• _Work task_
All of the data, word for word and free of pictures, is the expected result.

───── Information supplied

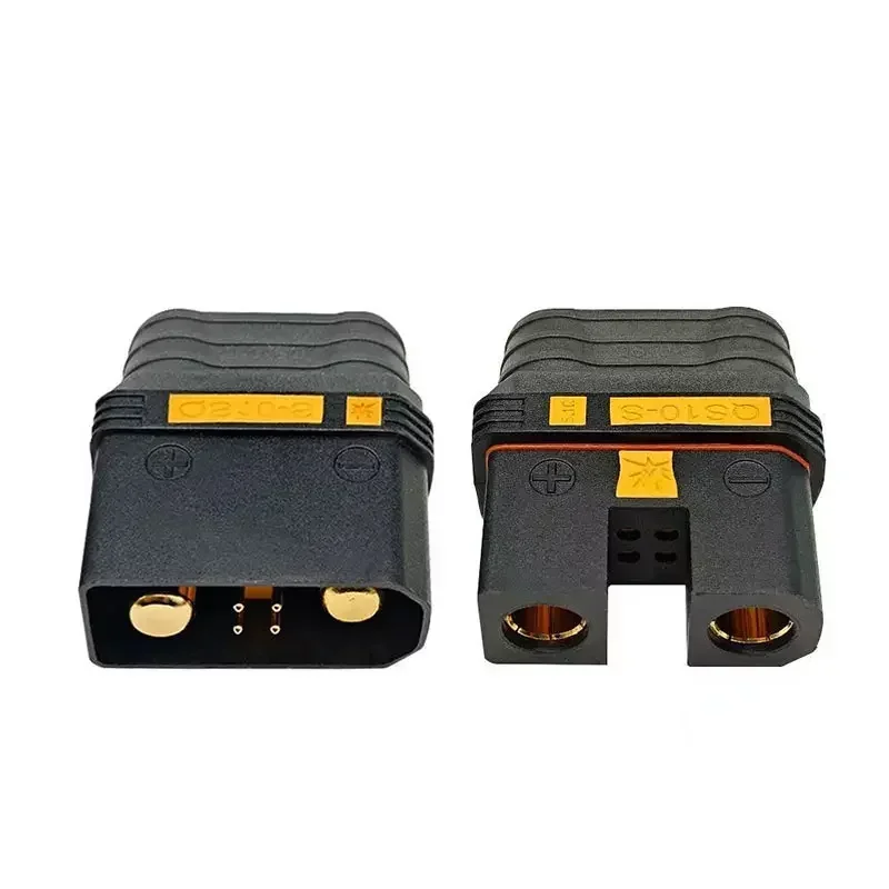 Experience seamless, reliable connections with this high-current QS10-S quick connector set, designed for demanding applications like electric vehicles, aircraft, UAVs, and forklifts. Crafted from durable black plastic or composite material, these connectors exude strength and security. The male connector features two striking, gold-plated copper cylindrical contacts that ensure optimal conductivity and corrosion resistance. Both the male and female connectors are accentuated by vibrant orange labels prominently displaying “QS10-S,” highlighting their modern industrial look. With a rugged, rectangular design and rubber or silicone protective caps, these connectors provide environmental protection against dust and moisture. They’re perfect for high-power systems where safety, durability, and precision are critical, offering easy, fast, and secure disconnection even in challenging environments.
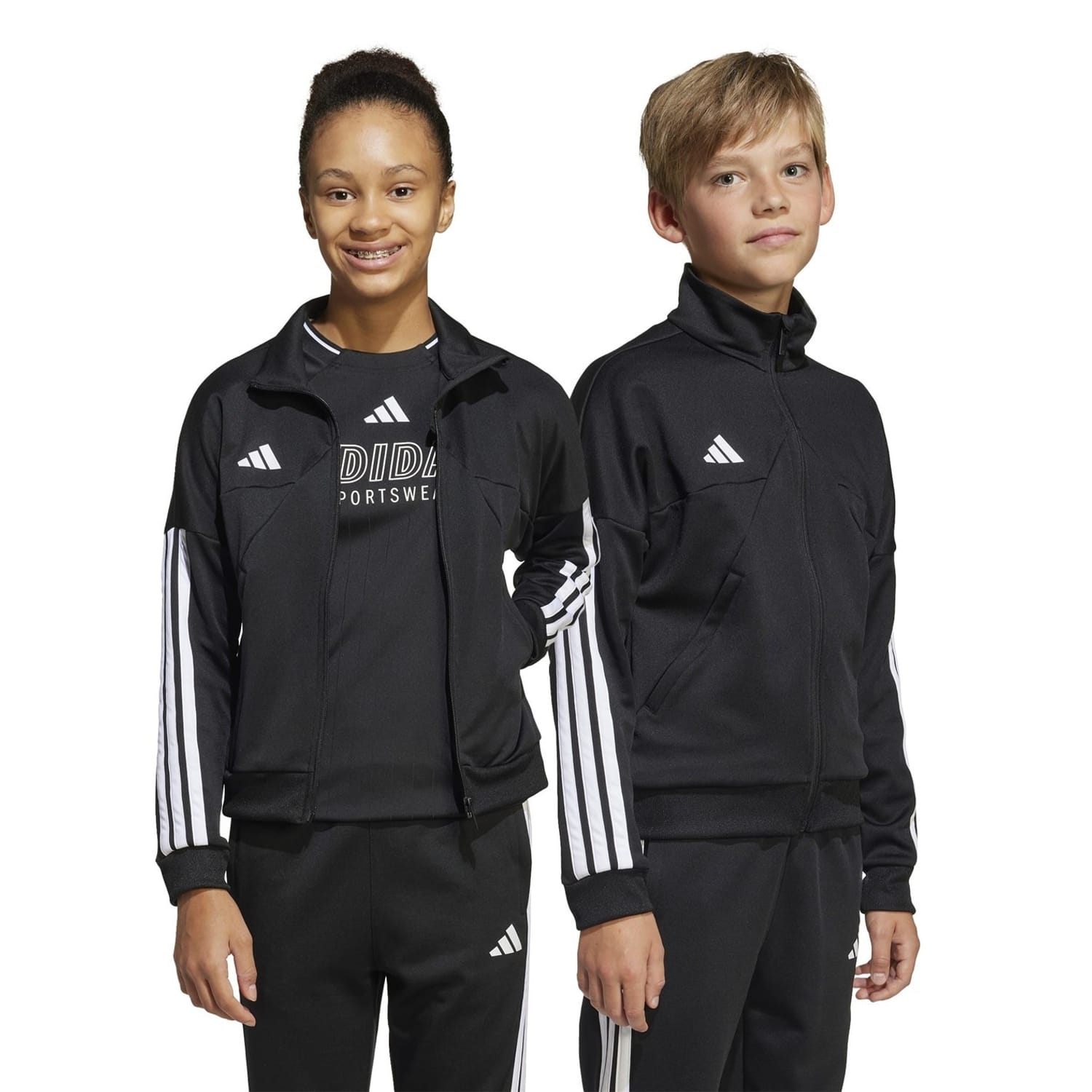 Entrance or exit, this juniors' adidas track top turns heads. Classic 3-Stripes and a 3 Bar Logo on the chest show off your love for the beautiful game. Zip pockets keep essentials secure so you can focus on leaving a mark. -
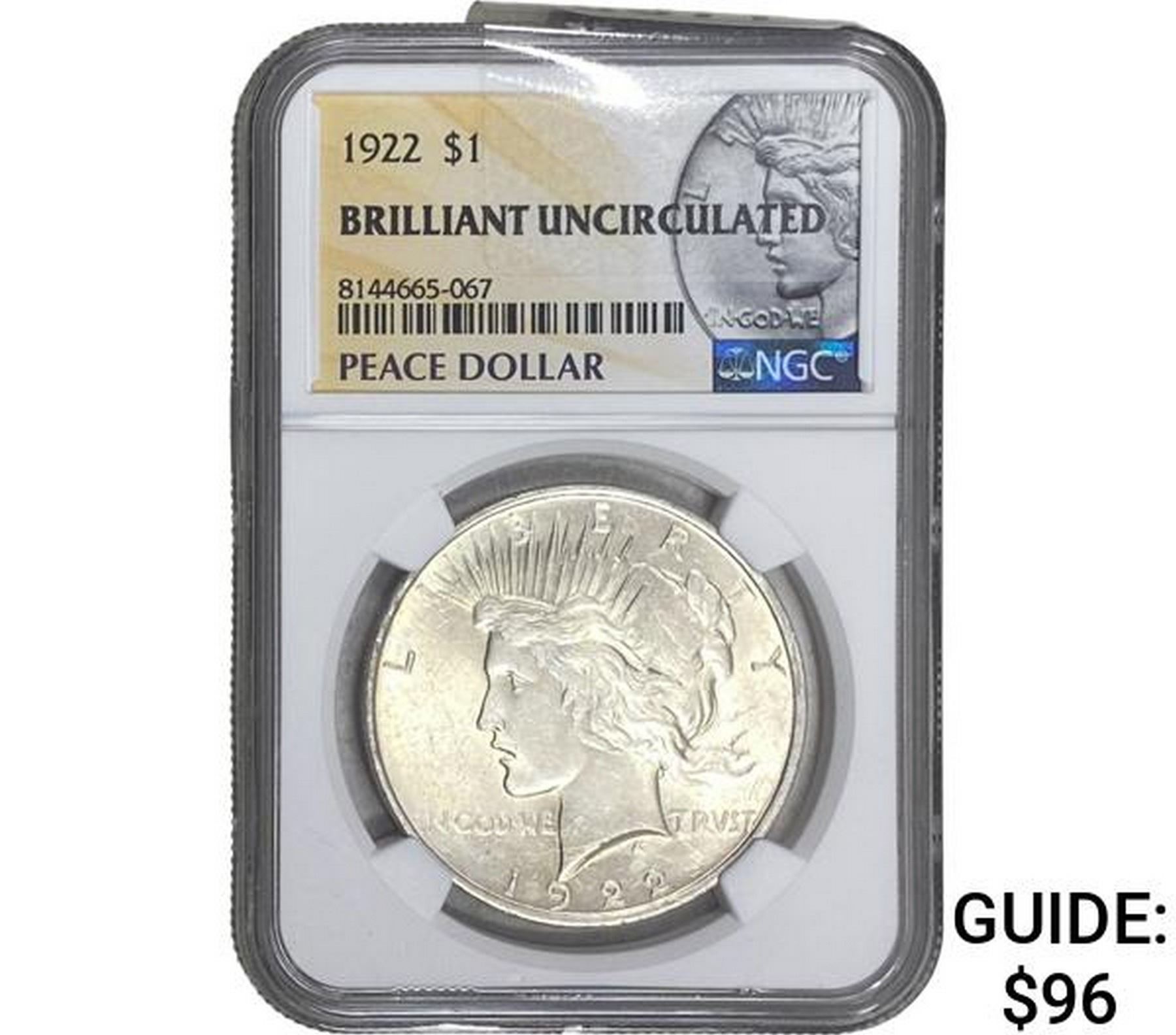 1922 Silver Peace Dollar NGC BRILLIANT UNC

──────────

• _Expected answer_
 Experience seamless, reliable connections with this high-current QS10-S quick connector set, designed for demanding applications like electric vehicles, aircraft, UAVs, and forklifts. Crafted from durable black plastic or composite material, these connectors exude strength and security. The male connector features two striking, gold-plated copper cylindrical contacts that ensure optimal conductivity and corrosion resistance. Both the male and female connectors are accentuated by vibrant orange labels prominently displaying “QS10-S,” highlighting their modern industrial look. With a rugged, rectangular design and rubber or silicone protective caps, these connectors provide environmental protection against dust and moisture. They’re perfect for high-power systems where safety, durability, and precision are critical, offering easy, fast, and secure disconnection even in challenging environments.
 Entrance or exit, this juniors' adidas track top turns heads. Classic 3-Stripes and a 3 Bar Logo on the chest show off your love for the beautiful game. Zip pockets keep essentials secure so you can focus on leaving a mark. -
 1922 Silver Peace Dollar NGC BRILLIANT UNC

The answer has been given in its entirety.